> DATASET CONTENT:
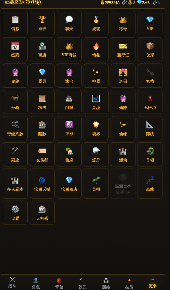 新手村出发,历经仙界、神界、混沌、圣界、虚无、大道、仙人域、金仙域、大罗天、圣人域,最终抵达天道域。13个篇章,转生解锁新地图,越往后挑战越大,收获也越丰厚。
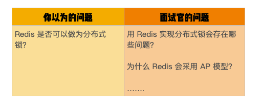 就算你是面试初级研发岗位,很多面试官也会站在你的能力上一层,继续问一些架构设计问题。比如 :“Redis 是否可以做为分布式锁?” 面试官更深层次的问题就是用 Redis 实现分布式锁会存在哪些问题,以及为什么 Redis 会采用 AP 模型等。
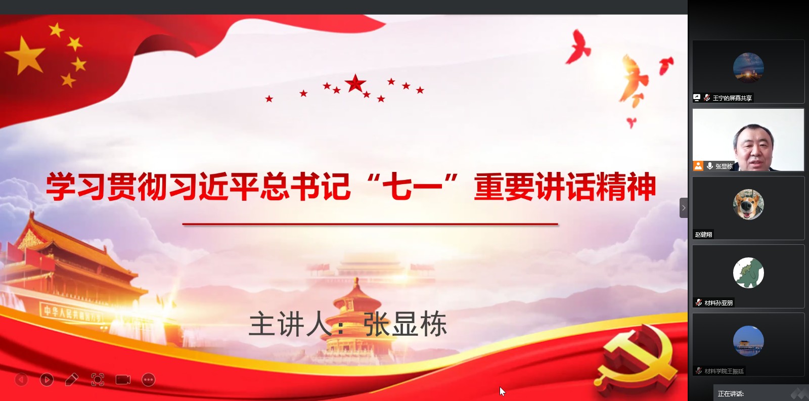 材料科学与工程学院学院党委于9月15日召开了学习贯彻习近平总书记“七一”重要讲话精神专题宣讲会。学院党政领导,全体老师参加了会议。学校宣讲团成员、学院党委书记张显栋做了专题宣讲。

> EXERCISE PROMPT:
Each line above has to be returned exactly. Drop the pictures.

> ANSWER TO THE PROBLEM:
 新手村出发,历经仙界、神界、混沌、圣界、虚无、大道、仙人域、金仙域、大罗天、圣人域,最终抵达天道域。13个篇章,转生解锁新地图,越往后挑战越大,收获也越丰厚。
 就算你是面试初级研发岗位,很多面试官也会站在你的能力上一层,继续问一些架构设计问题。比如 :“Redis 是否可以做为分布式锁?” 面试官更深层次的问题就是用 Redis 实现分布式锁会存在哪些问题,以及为什么 Redis 会采用 AP 模型等。
 材料科学与工程学院学院党委于9月15日召开了学习贯彻习近平总书记“七一”重要讲话精神专题宣讲会。学院党政领导,全体老师参加了会议。学校宣讲团成员、学院党委书记张显栋做了专题宣讲。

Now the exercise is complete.